Галактическая разведка - Снегов Сергей Александрович. Страница 8
В середине галереи, на пьедестале, возвышается хрустальный колпак, а в колпаке покоится черная курчавая голова Нгоро. Она кажется живой, лишь плотно закрытые глаза свидетельствуют, что уже никогда не оживет этот могучий мозг. Нгоро до странности похож на Леонида — тот же широкий, стеною, лоб, те же мощные губы, мощные скулы, удлиненный подбородок, крутые вальки бровей, массивные уши — все в этой удивительной голове мощно и массивно. Но если выразительное лицо Леонида хмуро, его иногда сводит судорога гнева, то Нгоро — добр, глубоко, проникновенно добр.
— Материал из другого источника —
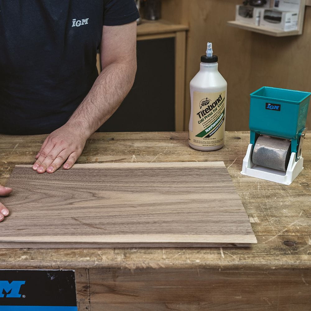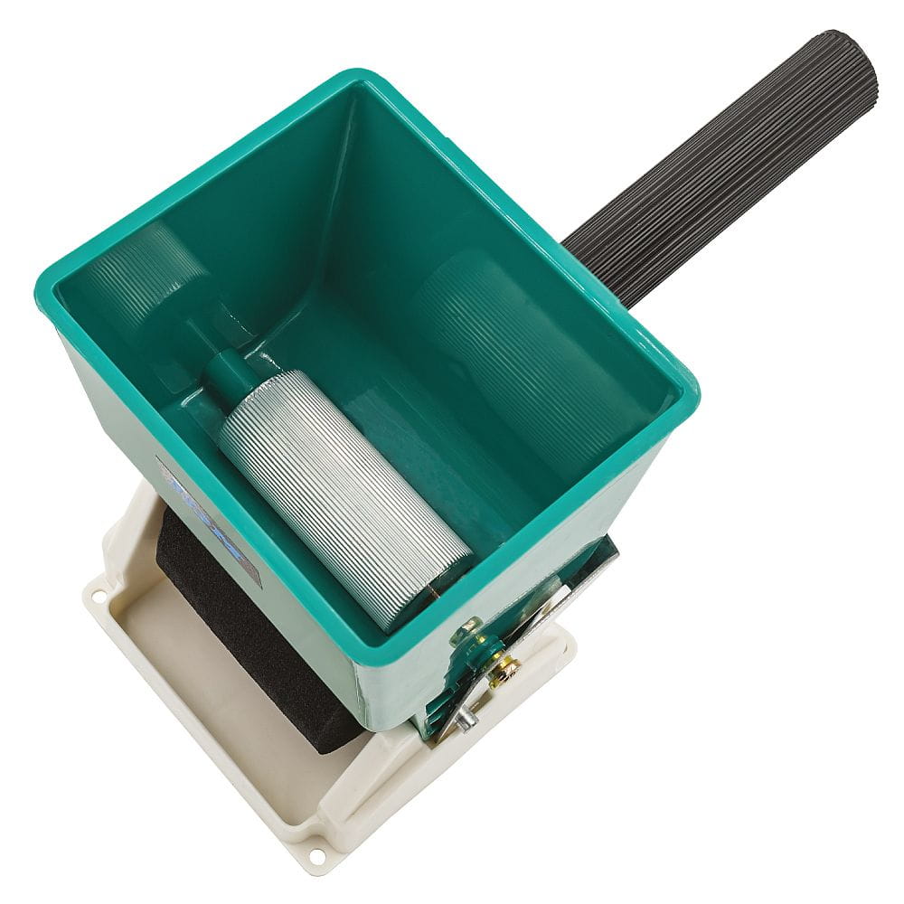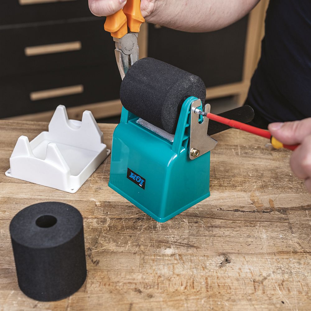 Wyjmij nową rolkę z pojemnika. Przykręć uchwyt do pojemnika. Wlej klej dyspersyjny do wanienki.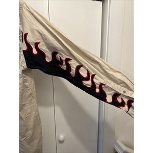 Cool shirt with flame graphics on sleeves and denim collar! Pit to pit measures 22”.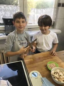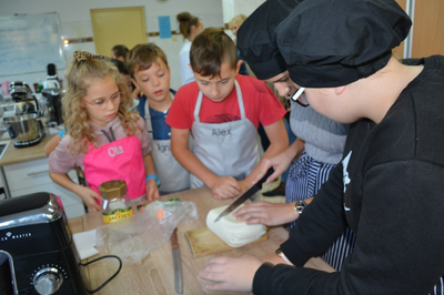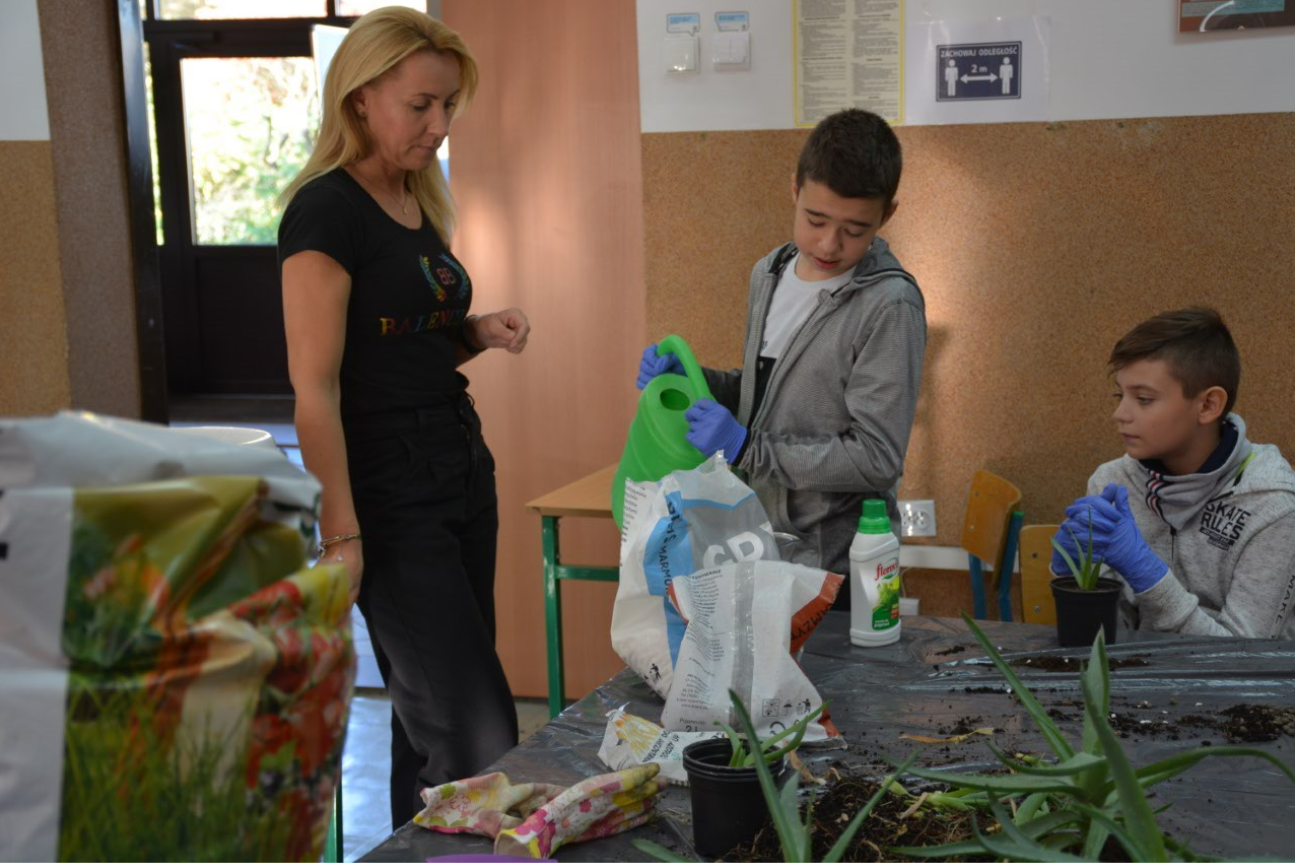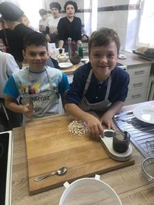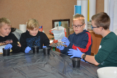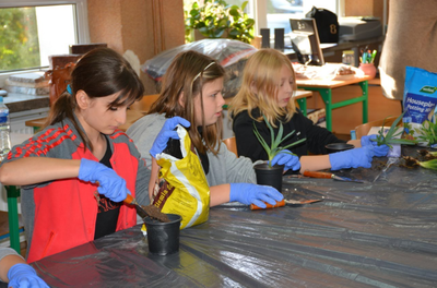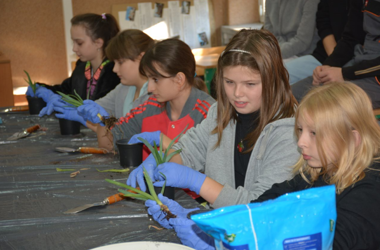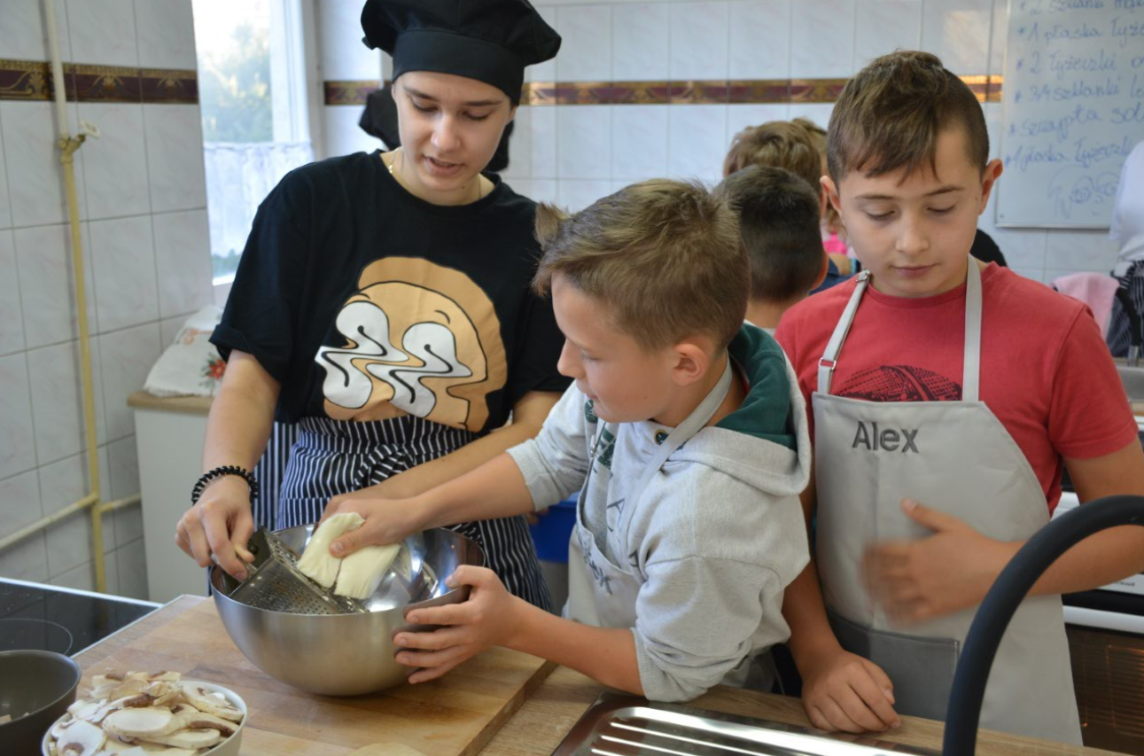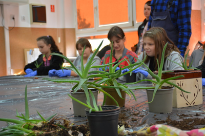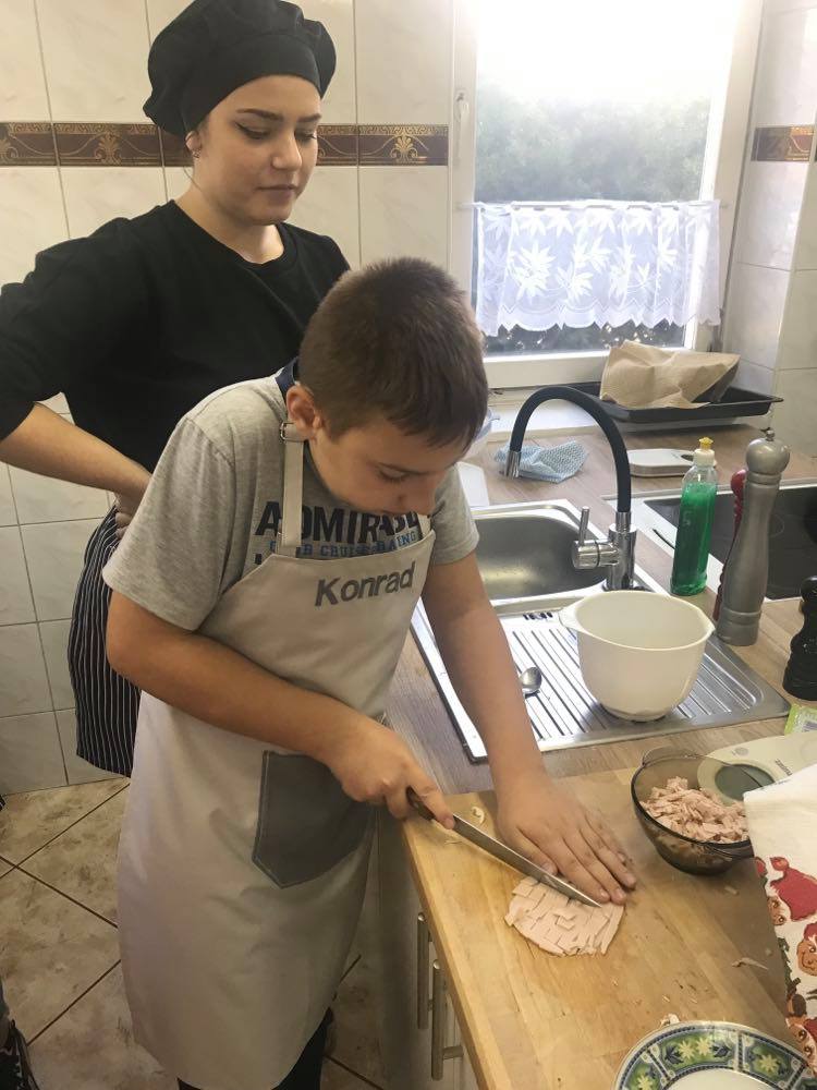 Uczniowie klasy IV pod okiem p. Jolanty Swat uczestniczyli w warsztatach kulinarnych, gdzie odkrywali tajniki kuchni, przygotowując pizzę. Z małą pomocą asystentek – uczennic Technikum Żywienia i Usług Gastronomicznych – nasi czwartoklasiści wg przepisu przygotowali i zarobili ciasto, a następnie upiekli pizzę ze swoimi ulubionymi dodatkami. Pizza była przepyszna, a swoim daniem podzielili się ze starszymi kolegami. Natomiast uczniowie z klasy V i VI brali udział w zajęciach z pielęgnacji roślin, które prowadziła p. Urszula Ławniczak oraz w warsztatach językowych prowadzonych przez p. Joannę Adamską. W czasie zajęć piąto – i szóstoklasiści dowiedzieli się, w jaki sposób rozmnożyć i przesadzić roślinę zgodnie ze sztuką ogrodniczą, a także sporządzić ciecz nawozową w odpowiedniej dawce. Czy u młodych ogrodników udało się zaszczepić pasję do uprawy roślin? Z pewnością się dowiemy, bowiem z zajęć zabrali własnoręcznie posadzone młode roślinki, które obiecali pielęgnować w domu. Wzbogacili także kompetencje językowe po angielsku, ponieważ nauczyciel anglista przeprowadził ciekawą lekcję o uprawie roślin.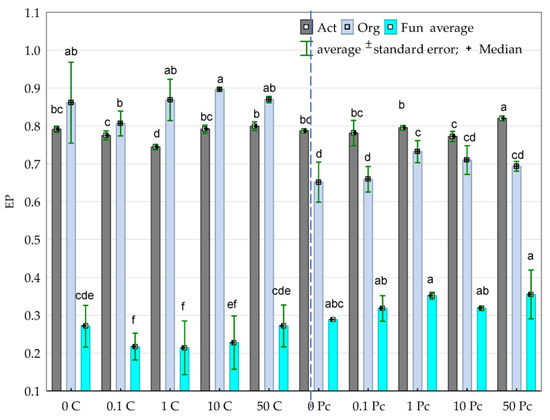 Ecophysiological diversity factor (EP) for Org—organotrophic bacteria, Act—actinomycetes and Fun—fungi in soil contaminated with increasing doses of o-cresol during 15, 30 and 45 days of the experiment (average value); Homogeneous groups denoted with letters (a–f) were calculated separately for each group of microorganisms, 0; 0.1; 1; 10; 50—doses of o-cresol (mg kg−1 DM of soil); C—control; Pc—Perna canaliculus (for abbreviations see Figure 2).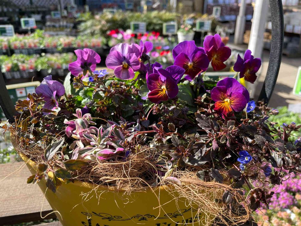 ちょっと写真の角度も🤳よくないし、ココファイバーもあばれちゃってますが😅とにかく久しぶりの日差し☀️に花が喜んでる寄せ植えです😃
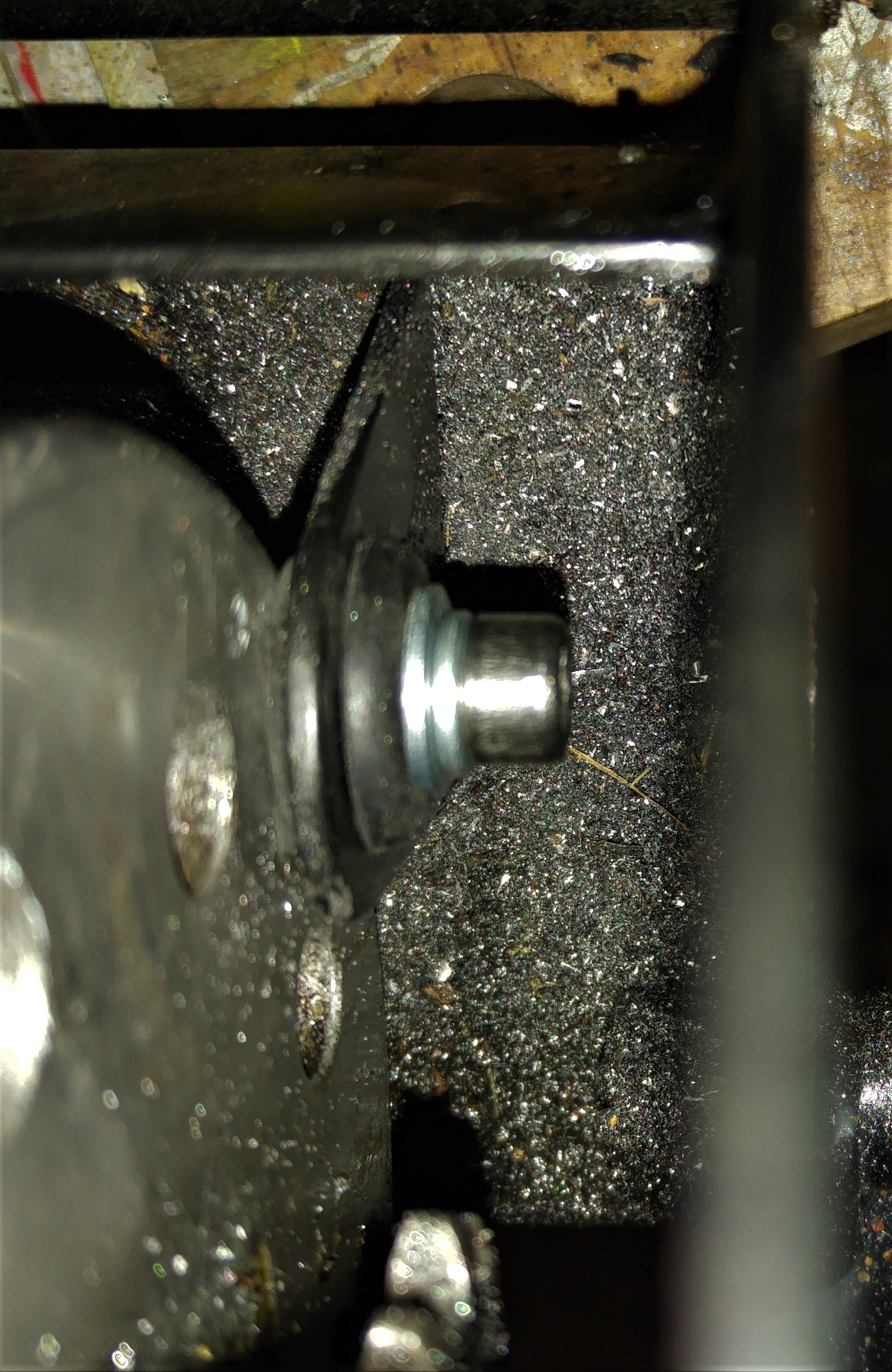 Weiter habe ich aus dem Gummi Scheiben geschnitten die ich bei beiden Halteschrauben zwischen Metallscheiben und Rahmen, sowie Abstandshülse und Rahmen auf die Schrauben gesteckt habe. Für die Schrauben habe ich jeweils Löcher mit einem normalen Papierlocher in den Gummi gestanzt. An den Schrauben habe ich immer Federringe verwendet um den Gummi auszugleichen.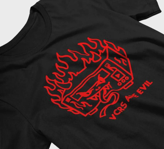 While reading about this chapter in VCR history I thought it would be fun to come up with a design that would embody the fears and potential panic around the technology. My initial thought was to use it as the featured image at the top of the article, but I decided it might be more fun to put on a t-shirt. So I give you my “VCRS ARE EVIL” t-shirt. Wear it with pride and confuse everyone who sees it.

Когда еще в школе я узнал, что Нгоро попал в аварию и малоискусной медицине его века удалось спасти лишь голову, отделенную от плеч, меня поражало, что голова потом разговаривала, мыслила, смеялась, даже напевала, к ночи засыпала, на рассвете пробуждалась — жила, нормально жила тридцать два долгих года! Один древний музыкант, оглохнув, написал лучшую из своих симфоний, голова Нгоро, отделенная от туловища, довершила теорию создания научных систем, путем разложения любого экспериментального факта в математический ряд. И, приближаясь к голове Нгоро, я вспоминал, что друзья ученого часто плакали перед ним и Нгоро упрекал их за малодушие и твердил, что ему хорошо, раз он может еще приносить людям благо. Он скончался на шестьдесят седьмом году жизни. Он знал, что умирает, искусственное кровообращение могло продлить жизнь головы, но не могло сделать ее бессмертной. Он простился с друзьями, послал привет всему разумному и хорошему, что еще придет на Землю, и тихо, все с той же доброй улыбкой, заснул в обычное свое время, в начале ночи, — на этот раз навсегда.
И сейчас я стоял перед великой головой, а Нгоро улыбался черным лицом, и оно было такое, словно Нгоро уснул сегодня ночью, а не двести лет назад.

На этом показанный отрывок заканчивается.